Crypto markets extended gains after Iran announced the reopening of the Strait of Hormuz to all commercial vessels during the ceasefire period. According to authorities in Tehran, the move follows the temporary halt in hostilities in Lebanon, set to last 10 days.

After welcoming the reopening, U.S. President Donald Trump emphasized that U.S. restrictions on Iranian ports will remain in place until a lasting peace agreement is reached.

Trump also indicated that Washington and Tehran are expected to hold a new round of negotiations over the weekend, adding that “there is a strong chance of a deal.”

Oil Plunges Nearly 12% as Strait of Hormuz Reopens; Wall Street Hits Fresh Records

The reopening of the Strait of Hormuz sent U.S. equities sharply higher on Friday, with all three major benchmarks closing in positive territory.

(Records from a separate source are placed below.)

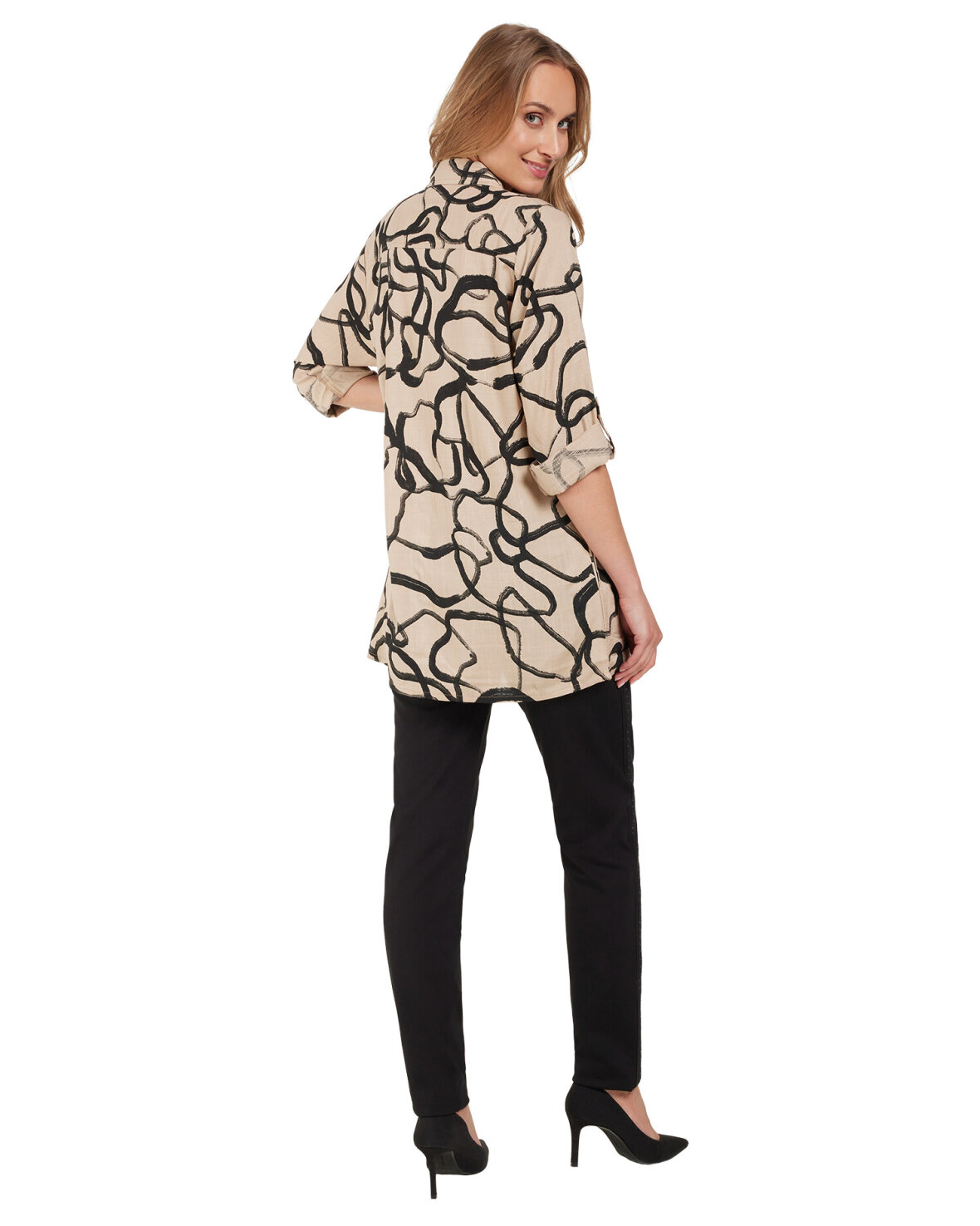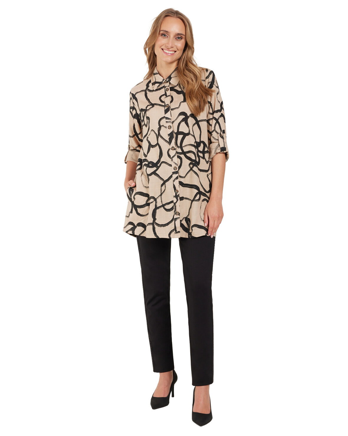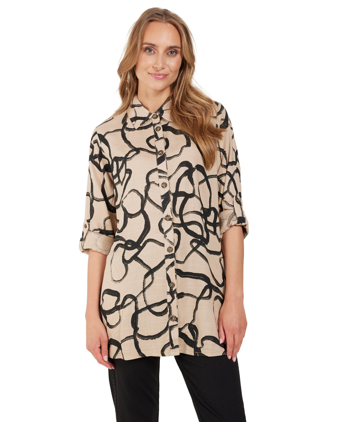 SJORTE 218549 - SIGNATURE er en fin skjorte er lang og med god vidde. Den har skjorte krave og er gennemknappet ned foran. Den har lange ærmer med god vidde og en smart detalje med en strop som kan knapper ærmet lidt længere op på armen.Kvalitet:100%Viskose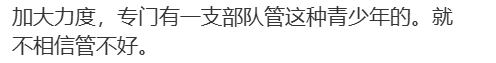 “加大力度,专门成立青少年巡查组,不相信管不好。”
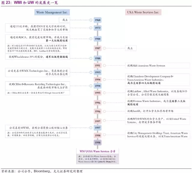 縱觀WM的發(fā)展史,兼并和收購一直貫穿其中。改變公司歷史的一次兼并發(fā)生在1998年,公司與USA Waste Services Inc.(以下簡(jiǎn)稱UW)合并,新公司名稱保留為Waste Management。值得注意的是,本次兼并的提出方并不是當(dāng)時(shí)全美第一的固廢龍頭WM提出,而是由當(dāng)時(shí)全美第三的UW提出兼并,同時(shí)新公司的CEO也由原UW的CEO擔(dān)任。為了更好的分析WM的并購發(fā)展,我們將分別研究WM(合并后),原WM(以下簡(jiǎn)稱WMI),以及UW分別的發(fā)展并購史。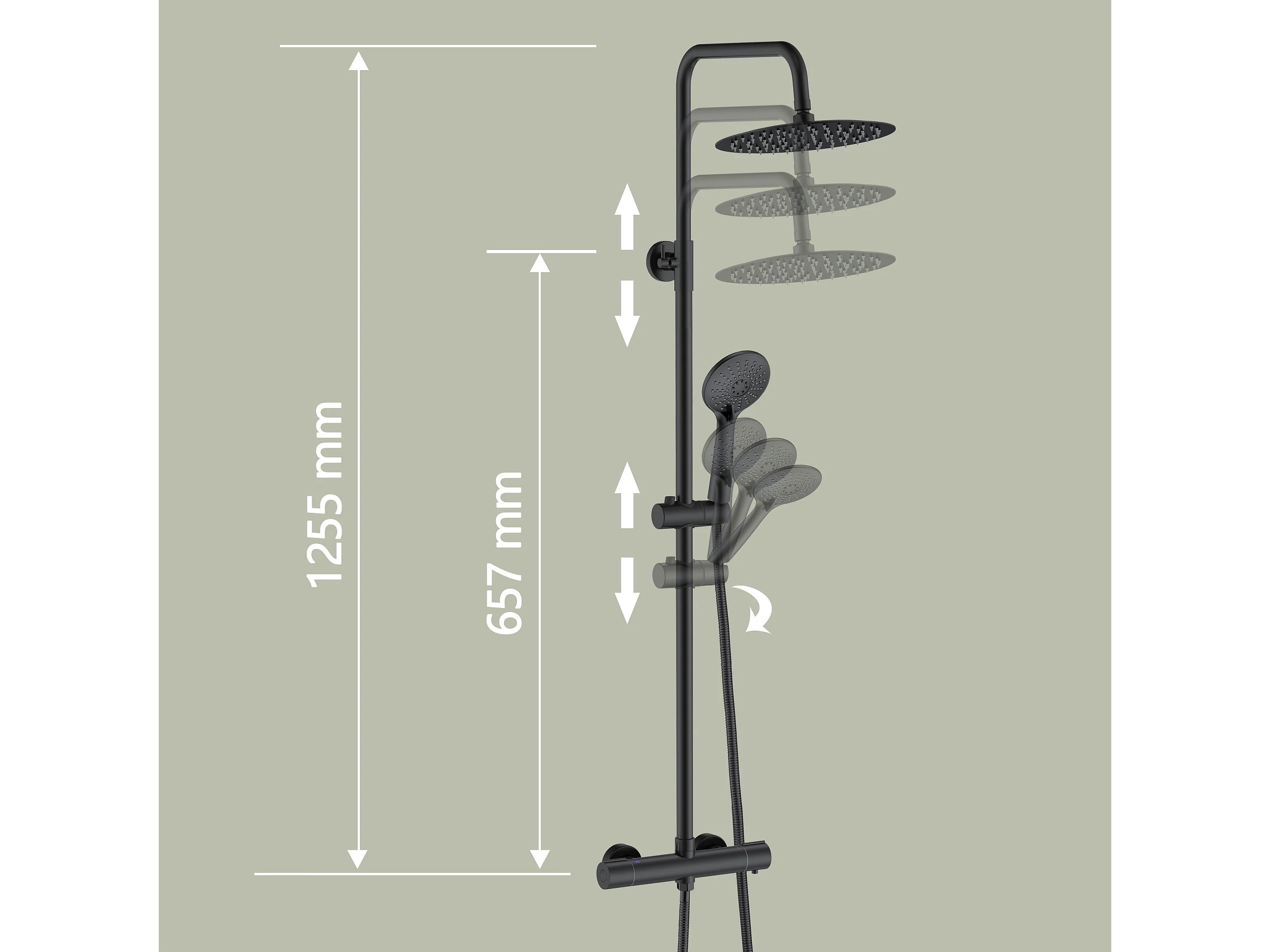 AICA Colonne de douche thermostatique en laiton, Système de douche thermostatique 38 °C, Réglable en hauteur 730-1150 mm, Noir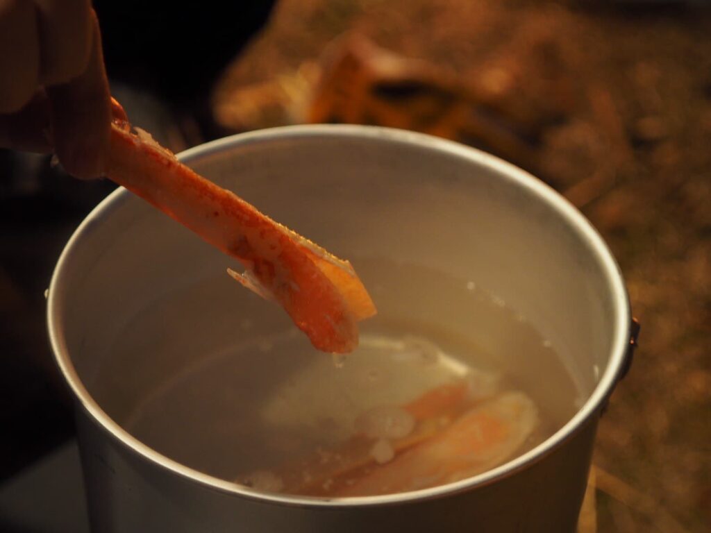 蟹を茹でる…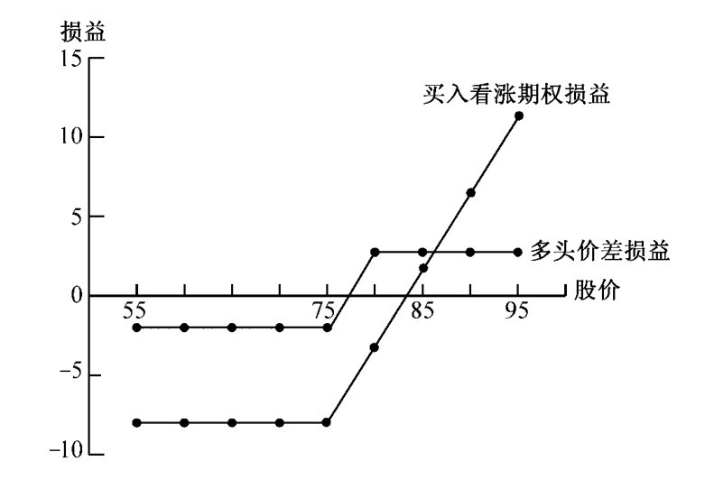 图6-15 牛市价差与买入看涨期权到期损益比较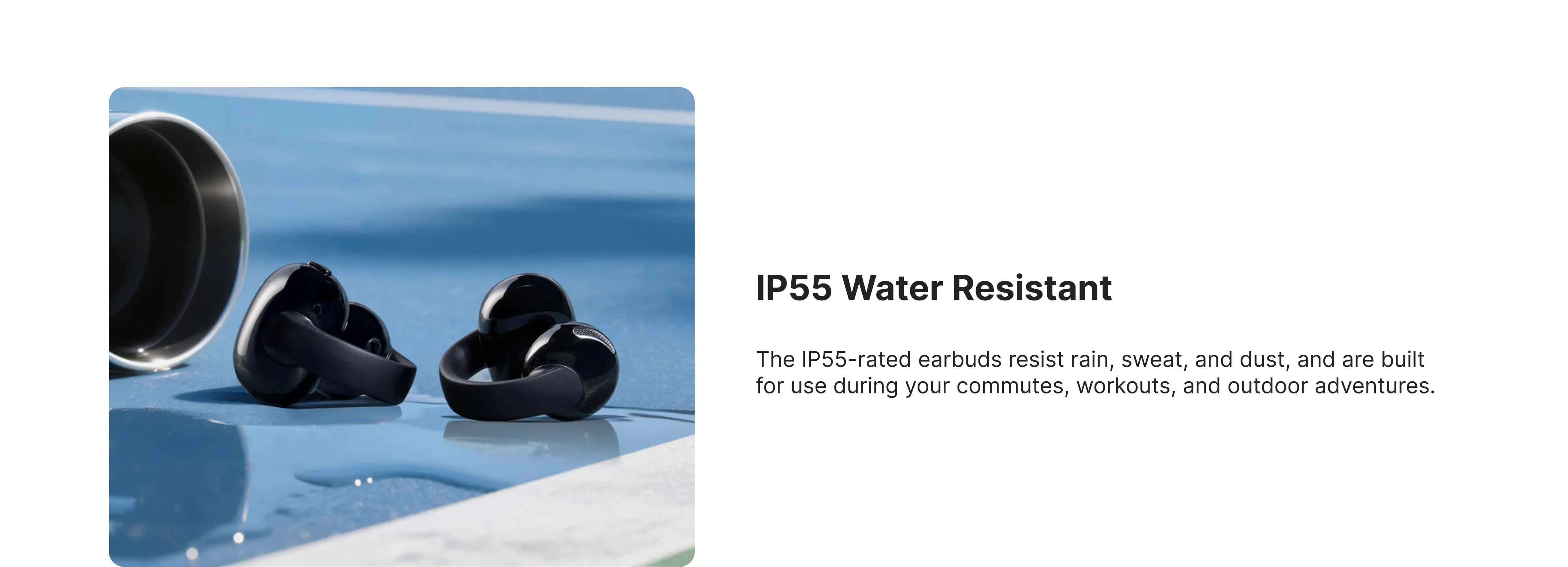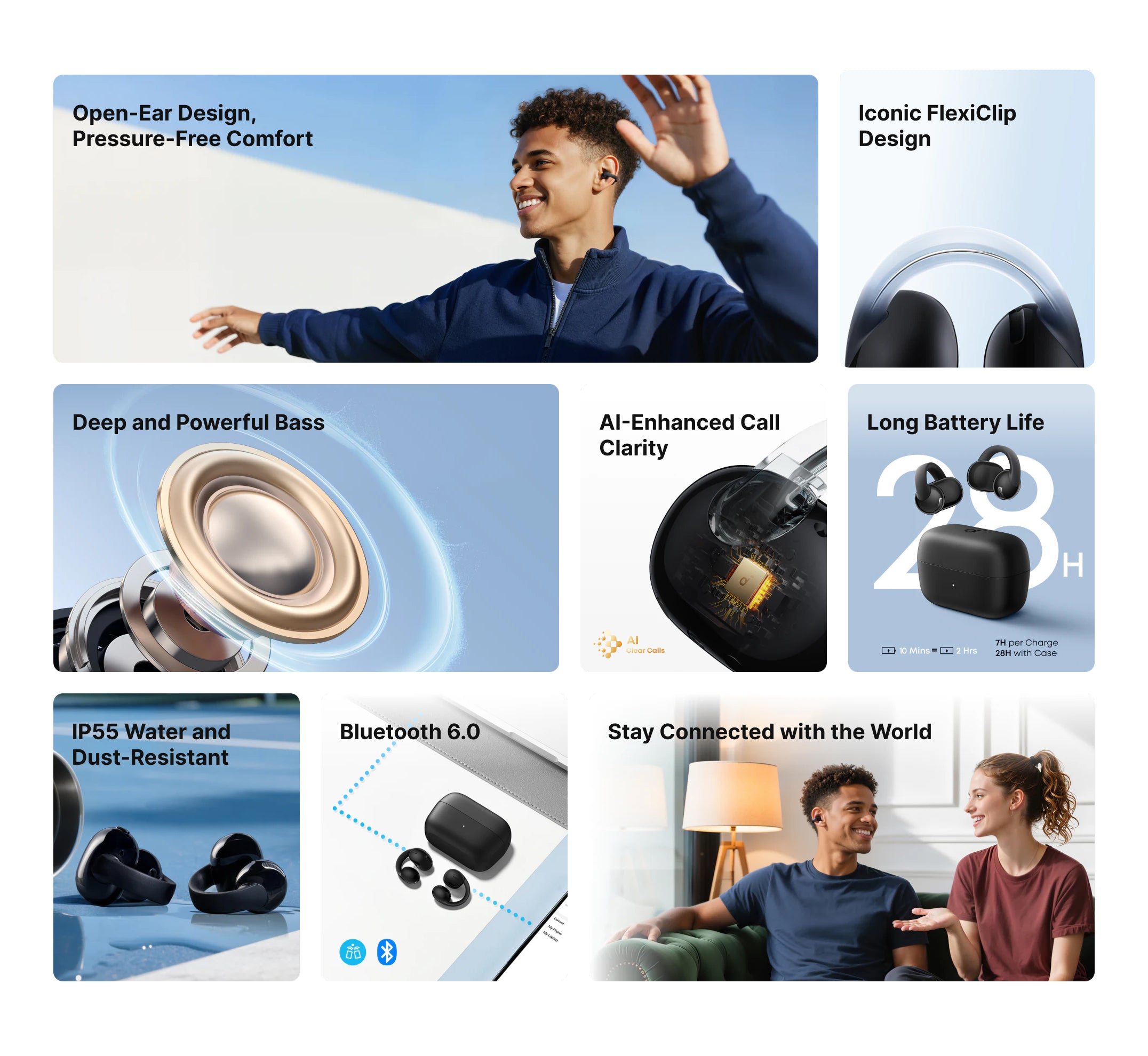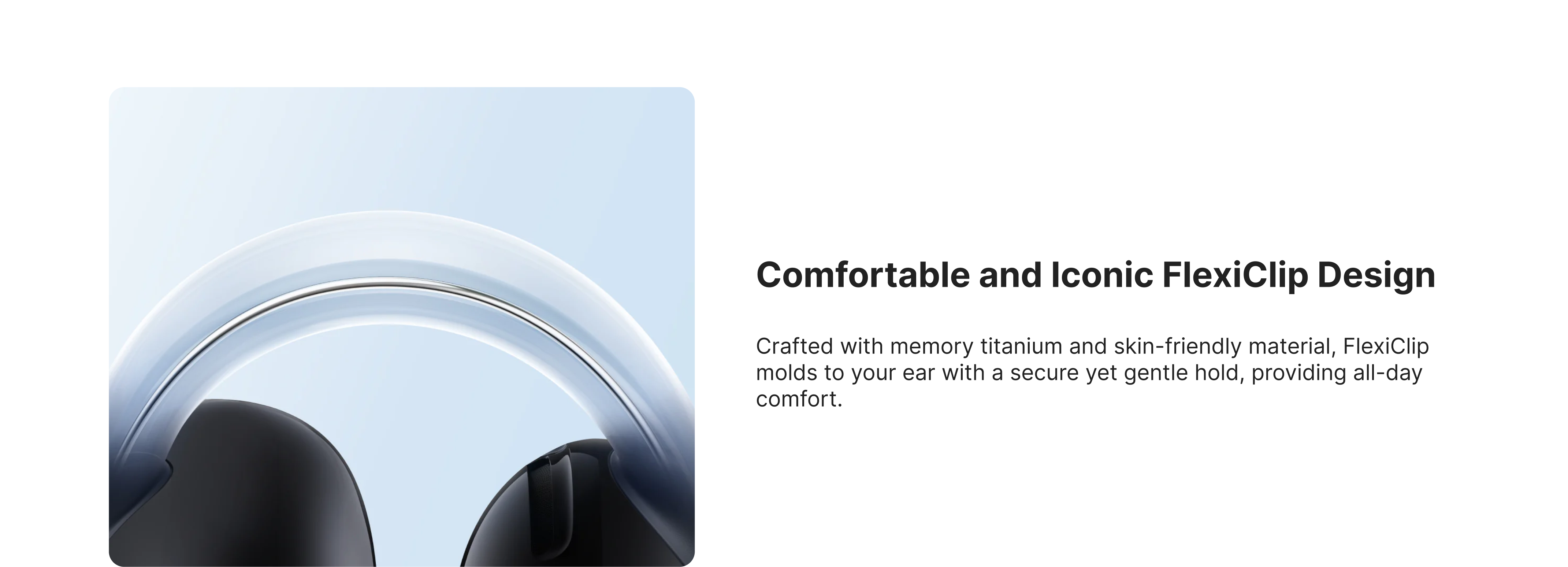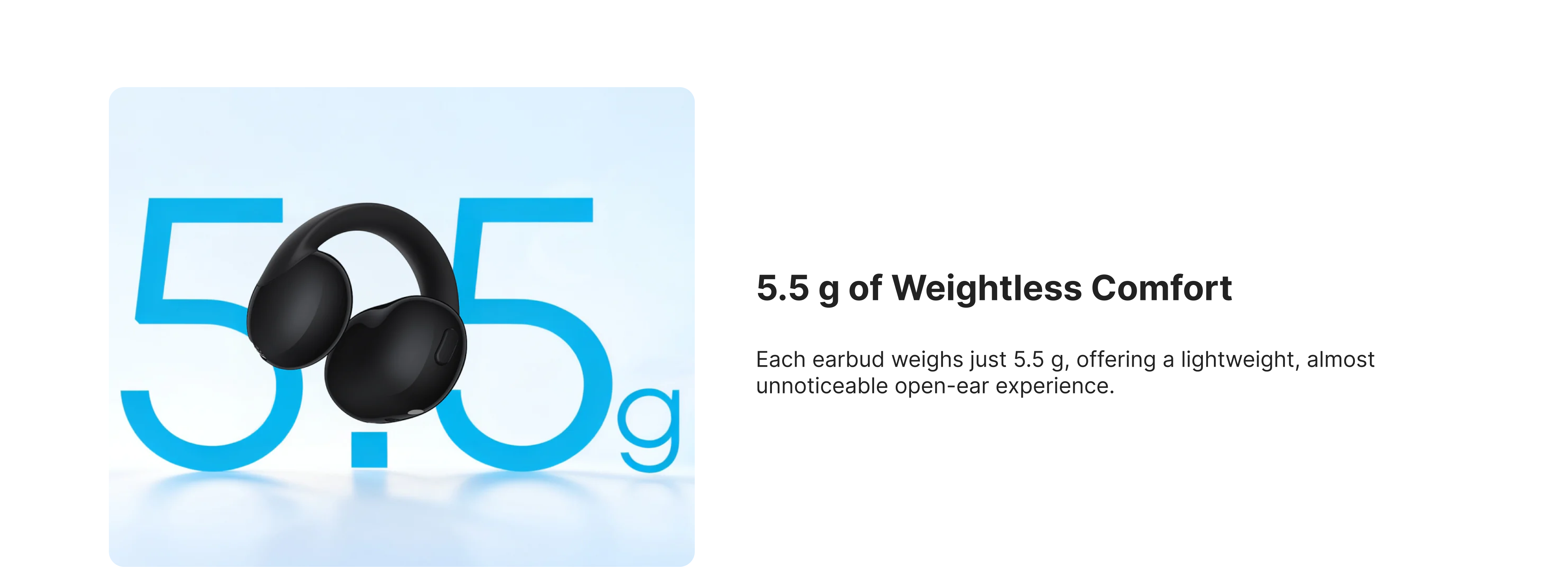 The Soundcore C50i is engineered for listeners who want all-day comfort without sacrificing sound. Its open-ear design keeps your ears pressure-free and naturally aware of your surroundings, making it ideal for commuting, office work, fitness, and daily multitasking. The ultra-light 5.5g frame and adaptive FlexiClip C-bridge ensure a stable, barely-there feel that suits any ear shape.

The Strait of Hormuz no longer remains blocked.
The Strait of Hormuz no longer remains blocked.

The S&P 500 and the Nasdaq Composite notched fresh record highs, while the Dow Jones Industrial Average surged nearly 1,000 points. Meanwhile, oil prices tumbled as easing geopolitical tensions in the Middle East boosted investor sentiment.

The Dow rose 1.79% to 49,447.92, the S&P 500 gained 1.19% to 7,125.36, and the Nasdaq climbed 1.52% to 24,468.48.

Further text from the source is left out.